Task description ▸ Within the data that follows, set down exactly the lines from the one containing "Ed infatti nel" through the one containing "3. Select Hurricane, then", both ends included.

Extracted entries ▸
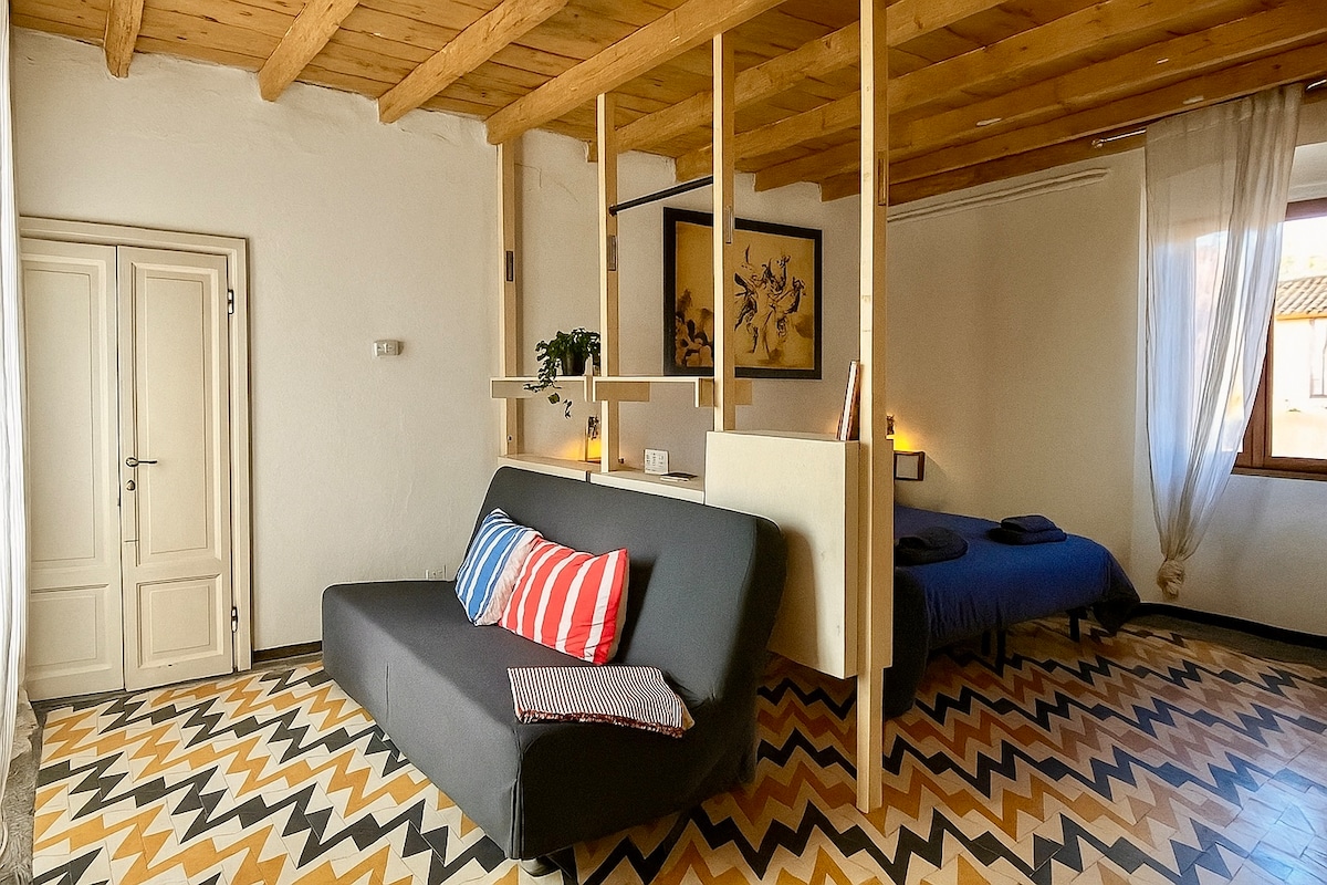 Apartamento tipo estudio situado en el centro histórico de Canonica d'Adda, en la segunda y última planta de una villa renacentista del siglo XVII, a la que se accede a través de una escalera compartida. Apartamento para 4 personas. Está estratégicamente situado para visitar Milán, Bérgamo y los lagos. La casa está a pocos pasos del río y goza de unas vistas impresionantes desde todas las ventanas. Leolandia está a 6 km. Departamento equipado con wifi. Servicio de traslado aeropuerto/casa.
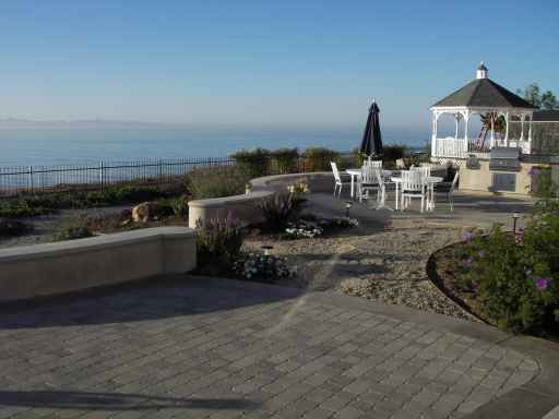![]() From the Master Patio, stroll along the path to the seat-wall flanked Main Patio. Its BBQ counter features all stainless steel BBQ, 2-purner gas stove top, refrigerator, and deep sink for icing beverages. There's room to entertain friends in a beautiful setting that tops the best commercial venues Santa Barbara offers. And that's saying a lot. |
--
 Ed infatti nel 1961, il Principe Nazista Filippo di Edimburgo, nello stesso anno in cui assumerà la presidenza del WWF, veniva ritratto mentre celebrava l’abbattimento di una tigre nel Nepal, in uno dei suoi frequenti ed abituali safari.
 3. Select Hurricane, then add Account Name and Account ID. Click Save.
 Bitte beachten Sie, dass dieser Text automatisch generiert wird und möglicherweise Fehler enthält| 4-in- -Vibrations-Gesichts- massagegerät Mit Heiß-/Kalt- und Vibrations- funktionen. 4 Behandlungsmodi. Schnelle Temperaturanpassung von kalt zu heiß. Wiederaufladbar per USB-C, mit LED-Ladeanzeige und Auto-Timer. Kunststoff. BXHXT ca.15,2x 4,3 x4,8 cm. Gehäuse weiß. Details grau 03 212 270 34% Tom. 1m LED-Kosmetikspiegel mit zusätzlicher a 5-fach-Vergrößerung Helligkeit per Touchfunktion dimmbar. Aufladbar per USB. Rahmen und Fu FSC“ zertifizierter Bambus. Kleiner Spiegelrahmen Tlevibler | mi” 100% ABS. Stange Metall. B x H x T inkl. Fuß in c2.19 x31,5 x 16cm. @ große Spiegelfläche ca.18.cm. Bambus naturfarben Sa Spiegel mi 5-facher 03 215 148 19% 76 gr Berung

Response for this exercise ▸
 Ed infatti nel 1961, il Principe Nazista Filippo di Edimburgo, nello stesso anno in cui assumerà la presidenza del WWF, veniva ritratto mentre celebrava l’abbattimento di una tigre nel Nepal, in uno dei suoi frequenti ed abituali safari.
 3. Select Hurricane, then add Account Name and Account ID. Click Save.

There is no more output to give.